Task objective:
A verbatim copy of every record is required, and no pictures should be included.

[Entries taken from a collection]
Segment Open

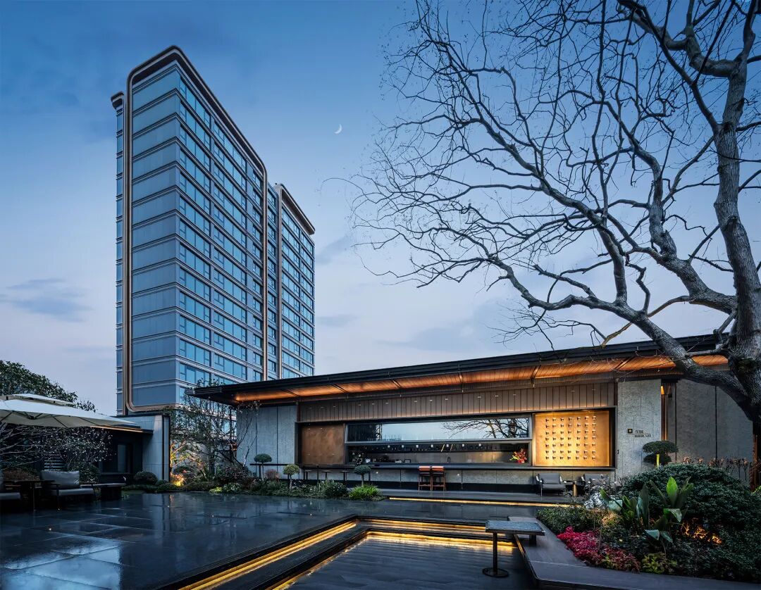 寬大飄逸的金屬屋檐由成本更高的木紋鋁板密拼而成,平整度經得起各種角度下的陽光照射檢驗,金屬網編織對景屏風與厚重奢石景墻形成視覺的中心與兩翼,配合前置水景、地面跳色鋪裝以及石材開槽內部燈光漫反射。
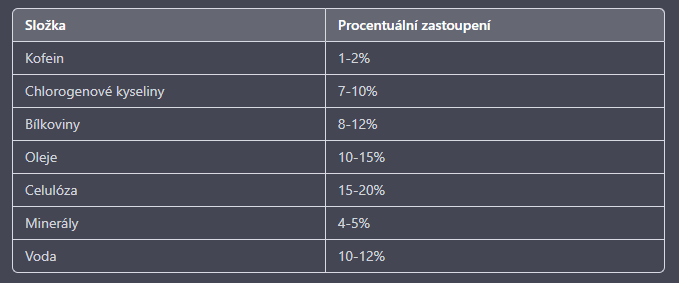 Klíčové složky kávy jsou chlorogenové kyseliny - to jsou polyfenolické sloučeniny, které obsahují ty bájné a prospěšné antioxidanty a také jsou tyto kyseliny zodpovědné za typickou hořkou chuť kávy. Dále se jedná zejména o kofein, který je sice zastoupen v kávě pouze v 1-2%, nicméně jeho účinky na lidské tělo jsou signifikantní.
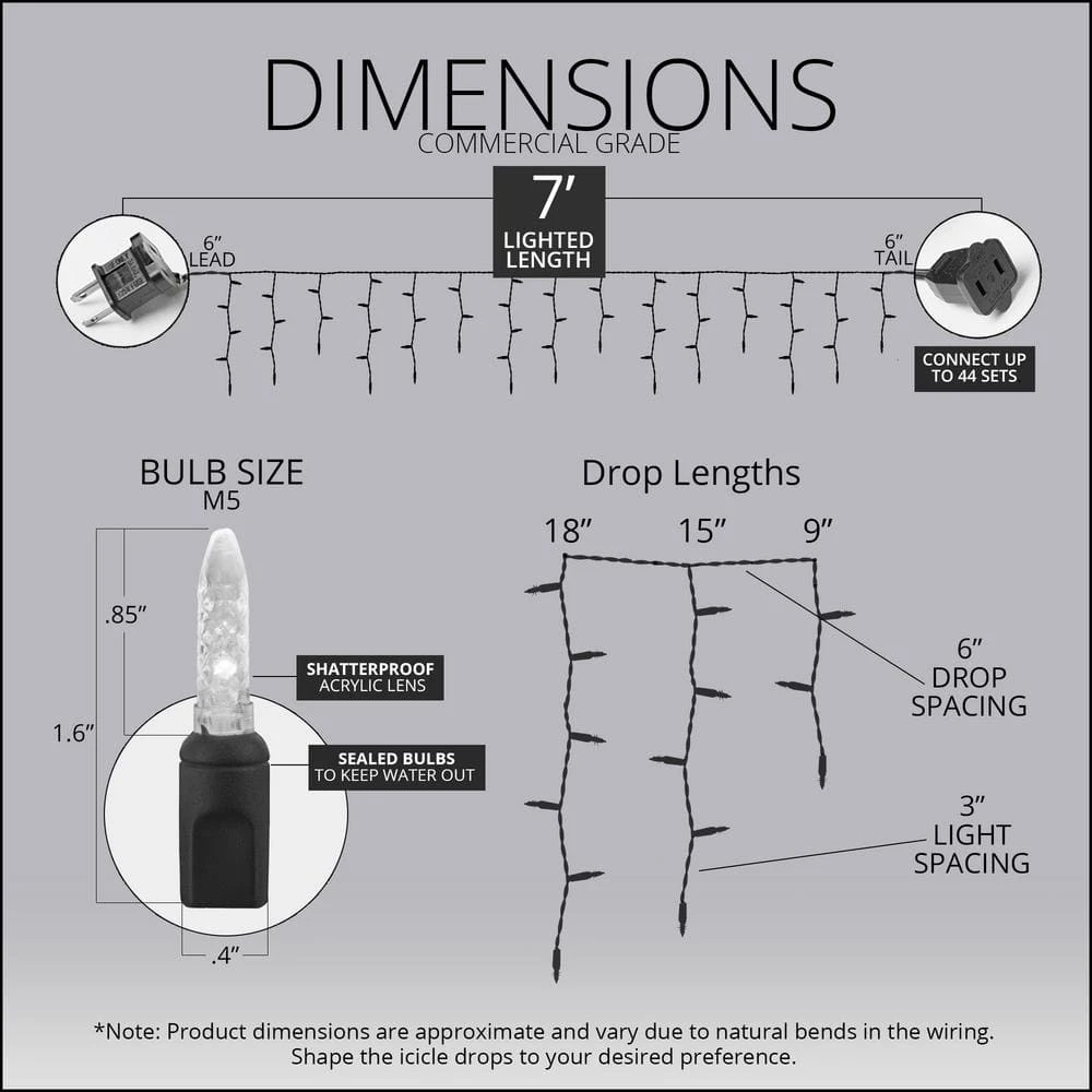 Beautiful, energy efficient, long-lasting and shatter-resistant, these M5 LED icicle light sets from Wintergreen Lighting make the perfect lights for any decorating need. The M5 bulb is the classic Christmas mini light bulb shape, with a faceted surface that refracts the light for dazzling effects. It’s made of acrylic so it’s virtually unbreakable, and it’s LED diode boasts an average lifespan of 100,000-hours. At only 4.83 Watts per set, these icicle lights are energy efficient too. But these lights feature touches that make them as refined as they are durable, like staggered drop lengths for a more realistic look and tighter wire twists for less tangling and a more professional looking display. Whether it’s Christmas, a wedding, a party, or you just want gorgeous icicle lights hanging around, these are the lights that will beautify your life for years to come.
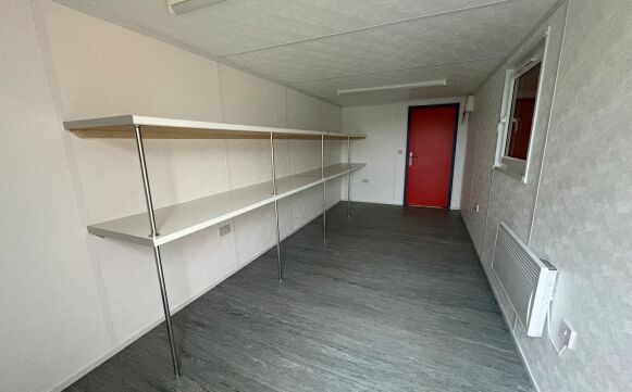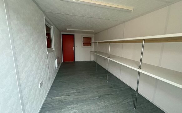Open plan office layout without racking to one side. Steel doors to both gable ends.
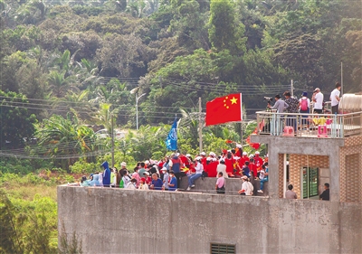 除了本地群众,在龙楼镇的沙滩、清澜大桥下的市民公园,还有从全国各地赶来观礼的人群,像过节一样热闹喜庆。
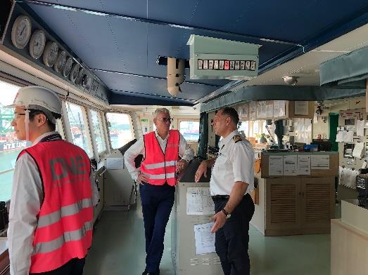 9月13日にMOLクリエーション(8100TEU型)、同月17日にNYKイーグル(1万4000TEU型)を訪問し、「本船の乗組員は、貨物の安全輸送と環境保全の鍵を握る存在だ」と話した。

Segment Closed

Your solution:
 寬大飄逸的金屬屋檐由成本更高的木紋鋁板密拼而成,平整度經得起各種角度下的陽光照射檢驗,金屬網編織對景屏風與厚重奢石景墻形成視覺的中心與兩翼,配合前置水景、地面跳色鋪裝以及石材開槽內部燈光漫反射。
 Klíčové složky kávy jsou chlorogenové kyseliny - to jsou polyfenolické sloučeniny, které obsahují ty bájné a prospěšné antioxidanty a také jsou tyto kyseliny zodpovědné za typickou hořkou chuť kávy. Dále se jedná zejména o kofein, který je sice zastoupen v kávě pouze v 1-2%, nicméně jeho účinky na lidské tělo jsou signifikantní.
 Beautiful, energy efficient, long-lasting and shatter-resistant, these M5 LED icicle light sets from Wintergreen Lighting make the perfect lights for any decorating need. The M5 bulb is the classic Christmas mini light bulb shape, with a faceted surface that refracts the light for dazzling effects. It’s made of acrylic so it’s virtually unbreakable, and it’s LED diode boasts an average lifespan of 100,000-hours. At only 4.83 Watts per set, these icicle lights are energy efficient too. But these lights feature touches that make them as refined as they are durable, like staggered drop lengths for a more realistic look and tighter wire twists for less tangling and a more professional looking display. Whether it’s Christmas, a wedding, a party, or you just want gorgeous icicle lights hanging around, these are the lights that will beautify your life for years to come.
Open plan office layout without racking to one side. Steel doors to both gable ends.
 除了本地群众,在龙楼镇的沙滩、清澜大桥下的市民公园,还有从全国各地赶来观礼的人群,像过节一样热闹喜庆。
 9月13日にMOLクリエーション(8100TEU型)、同月17日にNYKイーグル(1万4000TEU型)を訪問し、「本船の乗組員は、貨物の安全輸送と環境保全の鍵を握る存在だ」と話した。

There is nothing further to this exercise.